** Material for this exercise follows **

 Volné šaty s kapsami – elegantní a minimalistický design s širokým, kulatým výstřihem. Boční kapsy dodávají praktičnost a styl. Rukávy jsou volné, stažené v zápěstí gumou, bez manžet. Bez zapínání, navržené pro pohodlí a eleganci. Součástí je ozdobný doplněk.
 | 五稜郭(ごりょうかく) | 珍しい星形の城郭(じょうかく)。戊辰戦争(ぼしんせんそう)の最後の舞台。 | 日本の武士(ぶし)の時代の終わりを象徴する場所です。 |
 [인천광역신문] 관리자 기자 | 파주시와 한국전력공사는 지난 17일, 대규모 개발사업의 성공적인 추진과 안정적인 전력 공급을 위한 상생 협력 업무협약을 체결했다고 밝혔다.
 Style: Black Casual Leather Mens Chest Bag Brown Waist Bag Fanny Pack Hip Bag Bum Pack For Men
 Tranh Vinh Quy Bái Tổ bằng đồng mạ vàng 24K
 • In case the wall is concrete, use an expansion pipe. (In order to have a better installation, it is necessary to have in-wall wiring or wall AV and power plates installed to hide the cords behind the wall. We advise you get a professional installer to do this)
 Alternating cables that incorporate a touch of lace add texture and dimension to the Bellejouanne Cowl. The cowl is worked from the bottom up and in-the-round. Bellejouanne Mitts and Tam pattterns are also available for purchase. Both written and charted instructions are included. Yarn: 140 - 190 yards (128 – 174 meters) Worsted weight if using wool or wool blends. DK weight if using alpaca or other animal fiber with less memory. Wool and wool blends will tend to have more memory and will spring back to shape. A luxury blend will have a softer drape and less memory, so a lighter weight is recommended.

** End of Material for this exercise **
** Material for this exercise follows **

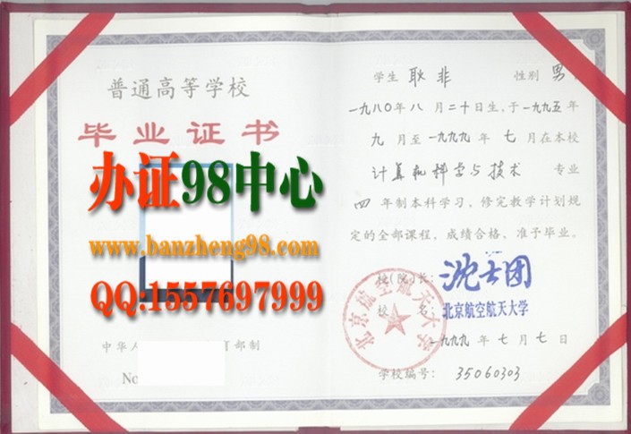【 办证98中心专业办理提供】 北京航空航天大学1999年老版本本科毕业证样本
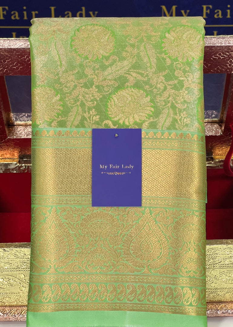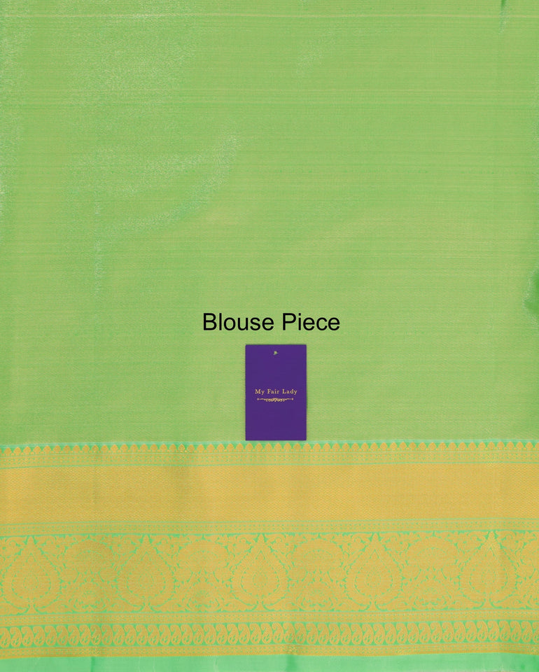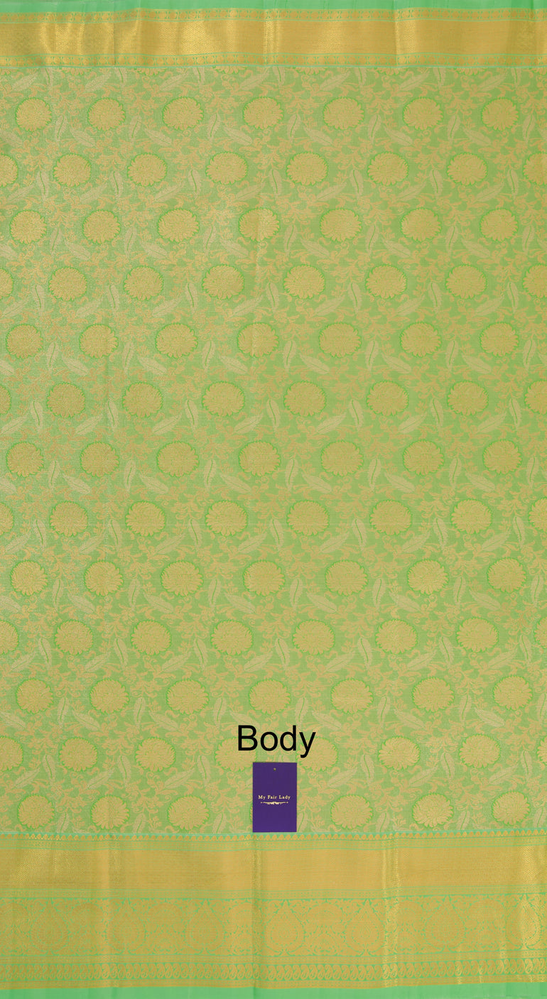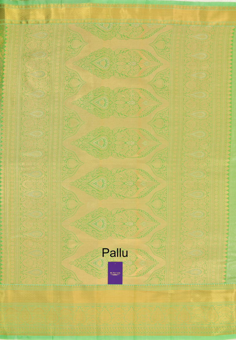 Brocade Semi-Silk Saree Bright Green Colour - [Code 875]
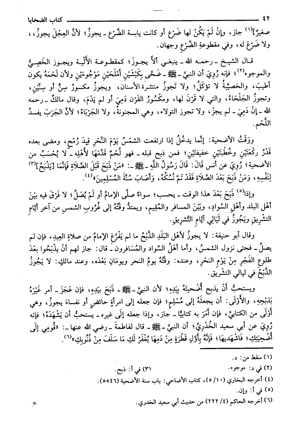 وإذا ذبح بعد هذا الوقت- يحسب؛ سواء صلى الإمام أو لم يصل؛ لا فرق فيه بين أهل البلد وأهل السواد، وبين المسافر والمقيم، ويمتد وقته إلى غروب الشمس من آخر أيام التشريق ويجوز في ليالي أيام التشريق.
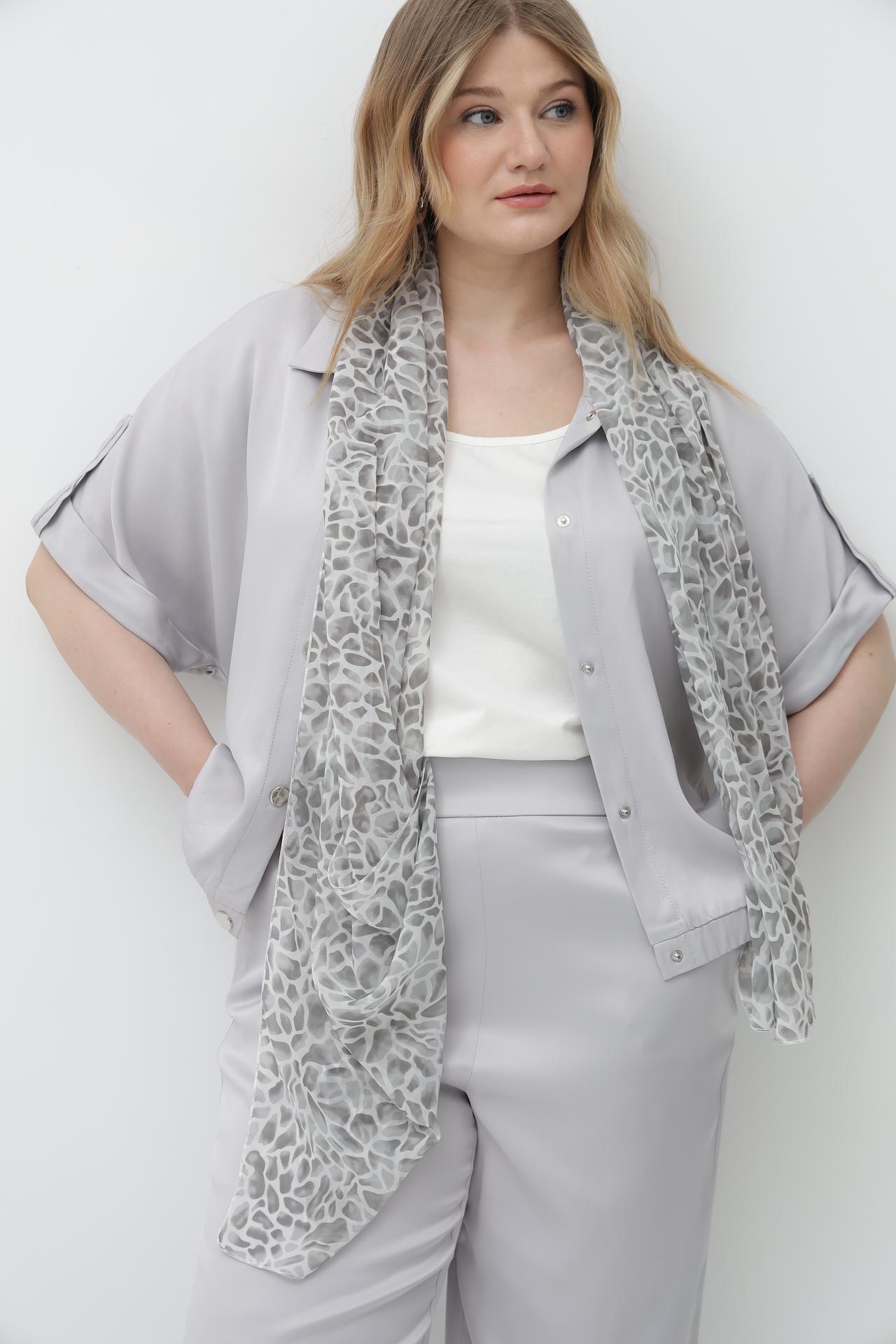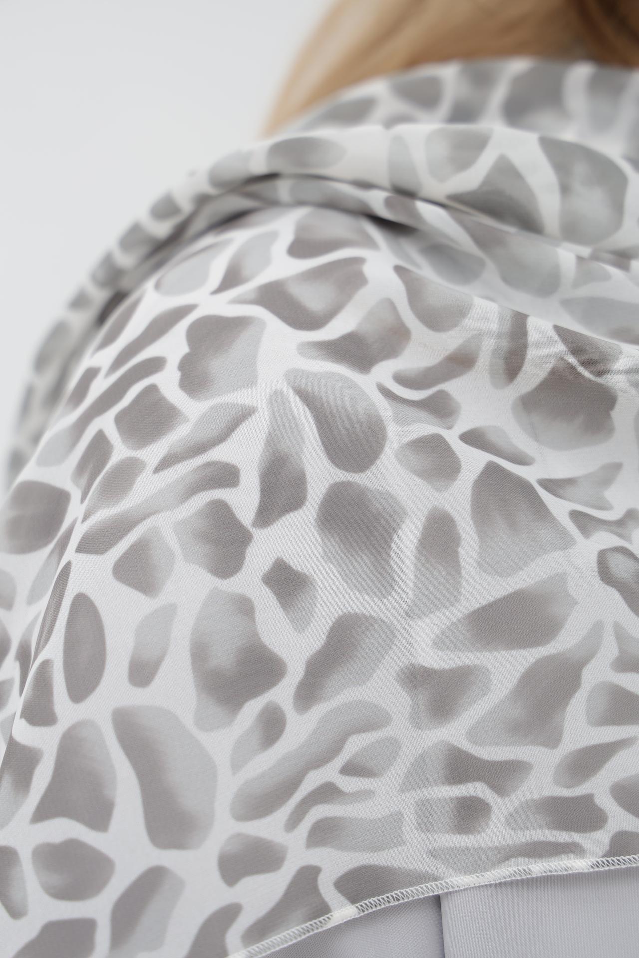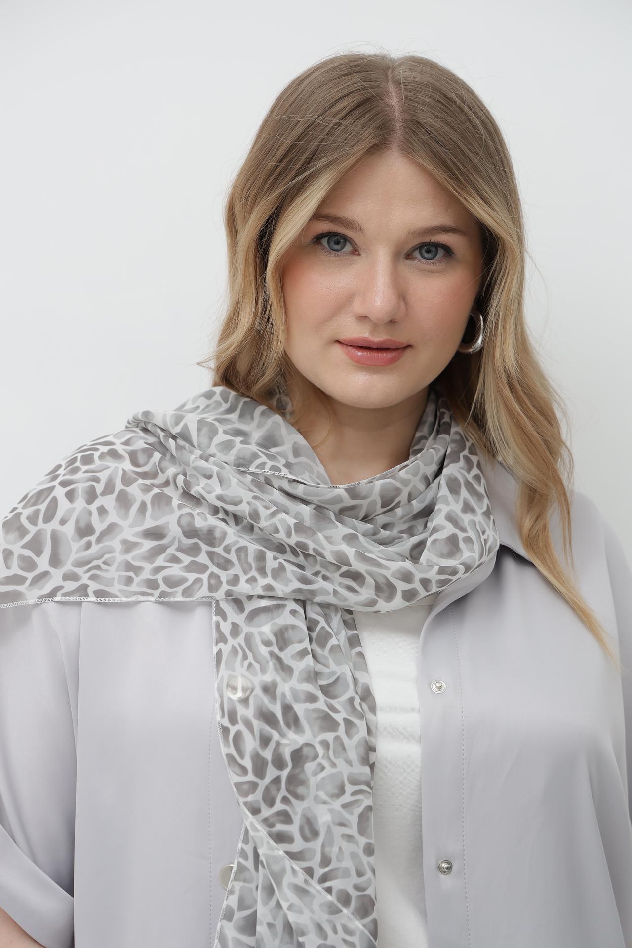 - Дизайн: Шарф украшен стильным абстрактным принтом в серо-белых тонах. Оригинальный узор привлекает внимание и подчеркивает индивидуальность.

** End of Material for this exercise **

- Task to complete -
Starting with the line that holds "Volné šaty s" and ending with the line that holds "to do this)", retype every line in the data above exactly, and nothing else.

- Result -
 Volné šaty s kapsami – elegantní a minimalistický design s širokým, kulatým výstřihem. Boční kapsy dodávají praktičnost a styl. Rukávy jsou volné, stažené v zápěstí gumou, bez manžet. Bez zapínání, navržené pro pohodlí a eleganci. Součástí je ozdobný doplněk.
 | 五稜郭(ごりょうかく) | 珍しい星形の城郭(じょうかく)。戊辰戦争(ぼしんせんそう)の最後の舞台。 | 日本の武士(ぶし)の時代の終わりを象徴する場所です。 |
 [인천광역신문] 관리자 기자 | 파주시와 한국전력공사는 지난 17일, 대규모 개발사업의 성공적인 추진과 안정적인 전력 공급을 위한 상생 협력 업무협약을 체결했다고 밝혔다.
 Style: Black Casual Leather Mens Chest Bag Brown Waist Bag Fanny Pack Hip Bag Bum Pack For Men
 Tranh Vinh Quy Bái Tổ bằng đồng mạ vàng 24K
 • In case the wall is concrete, use an expansion pipe. (In order to have a better installation, it is necessary to have in-wall wiring or wall AV and power plates installed to hide the cords behind the wall. We advise you get a professional installer to do this)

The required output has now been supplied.